Однако отношения между мыслью художника и действительностью на этом этапе еще крайне сложны. Освобождение текста от авторского присутствия проистекает вовсе не из сознательного устранения писателя, и оно тем более удивительно, что автор и не пытается стушеваться. Он не только связующее звено между событиями и героями, но и откровенно заявляющая о своем существовании личность. Иллюзия полной независимости героев от автора возникает из единства мировосприятия писателя и действующих лиц его повестей. "У него нет иных красок, - писал Вяч. Полонский, - кроме тех, что почерпнуты из деревенского, негородского бытия"331. Действительно, зрение писателя и его героев расположено как бы в одной плоскости: лексика, сравнения, образный строй автора и персонажей предельно сближены и не знают качественной границы. Вот писатель вводит в повесть эпизодическое лицо - мужика, арестованного солдатами бронепоезда. "Рыжебородый мужик, - пишет он, - сидел в бронепоезде неподвижно. Кровь ушла внутрь, лицо и руки ослизли, как мокрая серая глина". Сильным и крепким мужикам должен быть неприятен этот обмякший мужик; неприятен он и автору. "Когда в него стреляли, - продолжает он, - солдатам казалось, что они стреляют в труп. Поэтому, наверное, один солдат приказал до расстрела:
"А ты сапоги-то сейчас сними, а то потом возись". 06-выклым движением мужик сдеонул сапоги. [133]

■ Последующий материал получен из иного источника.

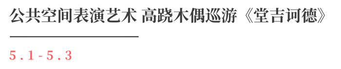 艺术先锋剧团带来世界文学的瑰宝之一,塞万提斯的跨时代巨著《唐吉诃德》专业演出剧目将走进滨海廊桥,向市民游客零距离展现原创戏剧的独特魅力,丰富游客体验的同时,让艺术走进公共空间,融入市民生活。现场将会有玫瑰赠送,快来偶遇浪漫吧。

Противно было видеть потом, - кончает Вс. Иванов, - как из раны того ударила кровь". "Противно" было расстреливающим мужикам, презирающим вялость, "обвыклость"; противно, это чувствует читатель, и автору. Эмоциональная дистанция между восприятием автора и героев снята.
Своеобразие отношений Вс. Иванова и его героев точно уловил Вяч. Полонский: "Анализируя его художественное зрение, его способы изображать мир, мы видим, что перед нами крестьянин, а не горожанин, поэт земли, а не индустрии. Ему близки и понятны леса, степи, с их красками и запахами, но далеки, чужды, непонятны каменные города, фабричные здания, паровозы, телефоны и электричество... В самом авторе - много от его героев: у них общий взгляд на мир. Понимают они его по-разному, но чувствуют одинаково"332.